Long ago, I used to work as an admin for a community newspaper mostly owned by a longtime alderman. This was pretty much my first job (not counting a two-week stint at a retirement home when I was 17 that mostly just served to instill a deep fear of aging in me.) When I started, there was a staff of three others: the managing editor, Jim; Karen, the office manager/bookkeeper; and Sharon, a salesperson.

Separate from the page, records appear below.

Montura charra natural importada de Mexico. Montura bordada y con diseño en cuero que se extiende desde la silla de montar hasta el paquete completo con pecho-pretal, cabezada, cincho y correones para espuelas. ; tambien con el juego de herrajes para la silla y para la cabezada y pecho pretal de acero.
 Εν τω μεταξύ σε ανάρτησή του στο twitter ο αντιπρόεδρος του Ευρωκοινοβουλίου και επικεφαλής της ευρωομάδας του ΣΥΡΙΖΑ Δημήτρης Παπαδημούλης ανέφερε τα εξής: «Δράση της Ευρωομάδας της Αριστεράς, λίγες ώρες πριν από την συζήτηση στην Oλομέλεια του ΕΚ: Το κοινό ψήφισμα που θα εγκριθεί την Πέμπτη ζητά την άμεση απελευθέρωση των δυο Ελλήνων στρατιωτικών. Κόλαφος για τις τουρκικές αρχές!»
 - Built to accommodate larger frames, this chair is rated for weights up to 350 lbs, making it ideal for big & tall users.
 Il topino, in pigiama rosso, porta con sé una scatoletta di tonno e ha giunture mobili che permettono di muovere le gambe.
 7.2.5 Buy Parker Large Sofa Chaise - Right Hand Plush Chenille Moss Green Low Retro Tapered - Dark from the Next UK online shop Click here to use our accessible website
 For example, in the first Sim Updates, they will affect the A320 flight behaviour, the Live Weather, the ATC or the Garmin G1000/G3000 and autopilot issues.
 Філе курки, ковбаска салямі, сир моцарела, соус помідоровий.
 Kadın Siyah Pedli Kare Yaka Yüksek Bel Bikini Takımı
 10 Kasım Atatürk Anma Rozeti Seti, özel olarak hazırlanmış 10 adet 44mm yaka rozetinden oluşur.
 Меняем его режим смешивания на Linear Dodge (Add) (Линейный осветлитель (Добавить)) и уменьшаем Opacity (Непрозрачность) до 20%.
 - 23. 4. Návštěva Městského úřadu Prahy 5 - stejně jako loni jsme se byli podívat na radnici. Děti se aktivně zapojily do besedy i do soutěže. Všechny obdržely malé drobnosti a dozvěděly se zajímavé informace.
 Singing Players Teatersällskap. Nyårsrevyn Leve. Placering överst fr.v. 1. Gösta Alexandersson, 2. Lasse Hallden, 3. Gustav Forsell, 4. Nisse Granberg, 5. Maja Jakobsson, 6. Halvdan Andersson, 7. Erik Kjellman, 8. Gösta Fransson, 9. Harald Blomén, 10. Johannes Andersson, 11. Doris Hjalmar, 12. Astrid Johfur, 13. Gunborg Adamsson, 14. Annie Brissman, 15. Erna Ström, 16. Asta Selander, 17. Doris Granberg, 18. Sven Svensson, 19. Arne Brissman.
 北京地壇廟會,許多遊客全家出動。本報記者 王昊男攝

At the risk of sounding mean, Sharon was not what one would call attractive in any respect. She was short, stubby, and reminded me a lot of those troll dolls, albeit an albino one. Her appearance was an unfortunate combination with her personality, which was sort of cheerfully aggressive, manifesting in non-recognition of personal space, painful side-hugging, literal cornering to talk, but she seemed to have no understanding that she was so grating. Basically she was a short female version of Mongo crossed with a used car salesman. Worst of all was her laugh. It was a lot like Beavis', but more of a rat-a-tat-tat, and I heard a lot of it because her long, boring stories were frequently punctuated with her laugh, and always began with "you won't believe this." As in: "You won't believe this. I went to go see Orv's Pizza. snort. heh heh. heh. And, get this, he pretended he didn't see me. heh. heh heh. snort. He locked the door while I was standing right there. heh." Anyway, one day her you-won't-believe-this story was eminently believeable. She regaled me with the tale of lonely weightlifting at the Y. "Erica. You won't believe this. I went to the gym at the Y over lunch. heh. And I went over to the free weights. heh heh. snort. But. snort. No one would spot me. heh heh. heh. snort. No one ever spots me. Not even if I ask. snort. They all spot each other. heh heh. But I try to talk to them. heh. And they just walk away." I was 18, 19. I didn't need to go to the gym then, so I didn't completely comprehend then how difficult it would be in a gym environment to not notice someone needing a spot, much less ignoring someone asking you to spot them. But I did get that the story, no matter how cheerfully-in-a-sad-clown-way it was told, was profoundly depressing. Let's face it: if Sharon had had the same personality in a prettier package, the situation would have been very different.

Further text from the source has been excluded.